We study a linear observation model with an unknown permutation called \textit{permuted/shuffled linear regression}, where responses and covariates are mismatched and the permutation forms a discrete, factorial-size parameter. The permutation is a key component of the data-generating process, yet its statistical investigation remains challenging due to its discrete nature. We develop a general statistical inference framework on the permutation and regression coefficients. First, we introduce a localization step that reduces the permutation space to a small candidate set building on recent advances in the repro samples method, whose miscoverage decays polynomially with the number of Monte Carlo samples. Then, based on this localized set, we provide statistical inference procedures: a conditional Monte Carlo test of permutation structures with valid finite-sample Type-I error control. We also develop coefficient inference that remains valid under alignment uncertainty of permutations. For computational purposes, we develop a linear assignment problem computable in polynomial time and demonstrate that, with high probability, the solution is equivalent to that of the conventional least squares with large computational cost.
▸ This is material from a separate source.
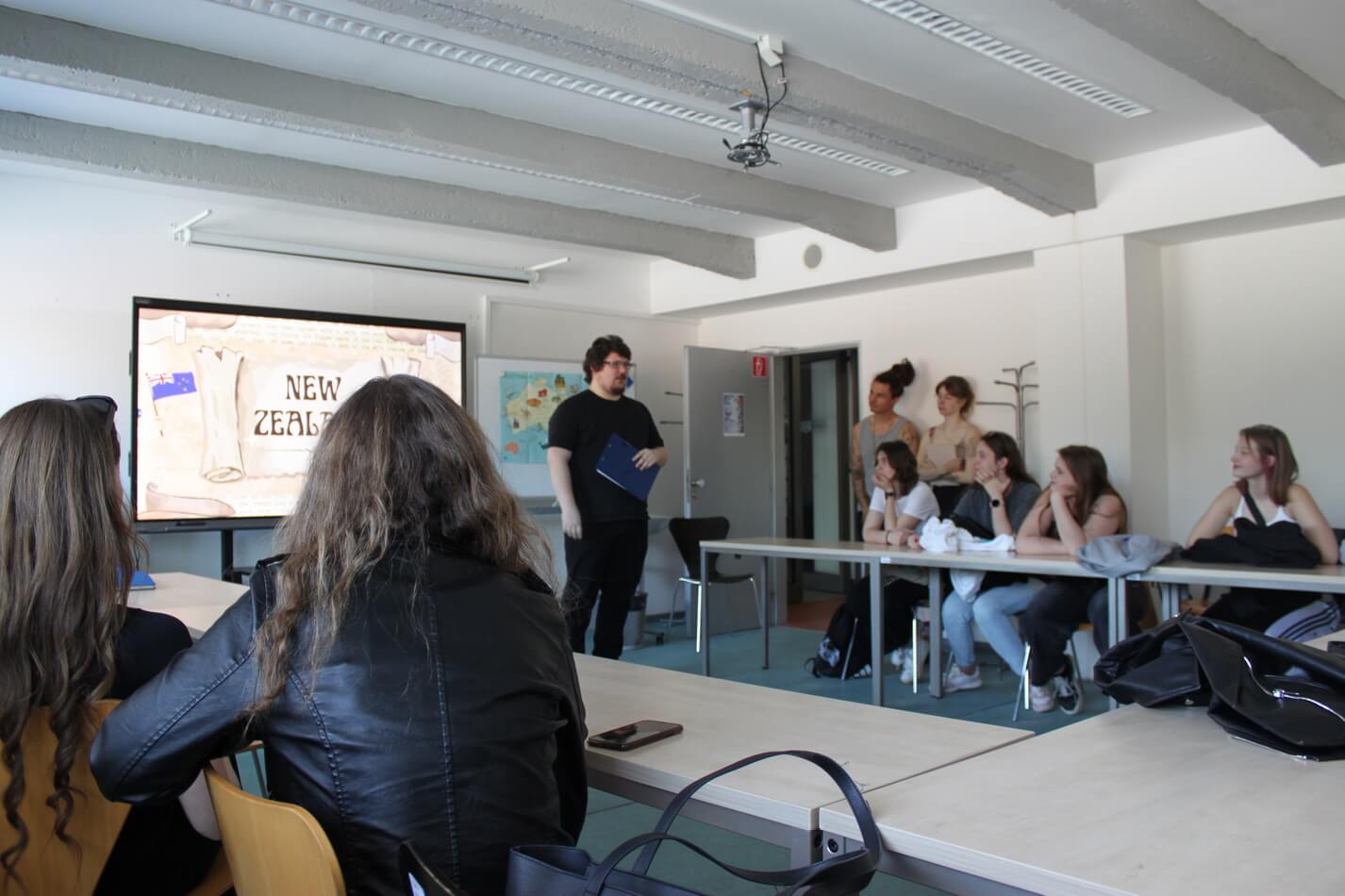 Department of English Language and Culture organized a Cultural Island-hopping Tour for high-school students from Nitra. The event consisted of guided tours of the school campus that was enriched by multiple presentations on different English speaking countries. The tour kicked off in the university library where the students got introduced to the enchanting land of South Africa. Slowly we moved on into the main building of our faculty. Here they discovered the many customs and movie starts of Australia, followed by the cold land of Canada, where they were able to dip their tongues into Canadian snacks. And as the cherry on top they were transported to the picturesque island of New Zealand. Here they could try understanding the local kiwi dialect, alongside with an insight to the island´s demography, architecture, cuisine and sports.The students left the grounds of our university filled with knowledge and delicious food.

Extensions to partially permuted designs and ridge regularization are further discussed. Extensive simulations and an application to air-quality data corroborate finite-sample validity, strong power to detect mismatches, and practical scalability.

翻译：我们研究一种带有未知置换的线性观测模型，称为\textit{置换/混洗线性回归}，其中响应变量与协变量错配，而置换构成了一个离散的、阶乘规模的参数。置换是数据生成过程的关键组成部分，但由于其离散性质，其统计研究仍然具有挑战性。我们针对置换和回归系数开发了一个通用的统计推断框架。首先，我们引入了一个定位步骤，基于重抽样方法的最新进展，将置换空间缩减为一个小的候选集，其误覆盖概率随蒙特卡洛样本数量多项式衰减。然后，基于这个局部化集合，我们提供了统计推断程序：一种具有有效有限样本第一类错误控制的置换结构条件蒙特卡洛检验。我们还开发了在置换对齐不确定性下仍然有效的系数推断方法。出于计算目的，我们开发了一个可在多项式时间内求解的线性分配问题，并证明在高概率下，其解等价于计算成本高昂的传统最小二乘法的解。进一步讨论了扩展到部分置换设计和岭正则化的情形。大量的模拟实验和空气质量数据的应用验证了有限样本有效性、检测错配的强大功效以及实际可扩展性。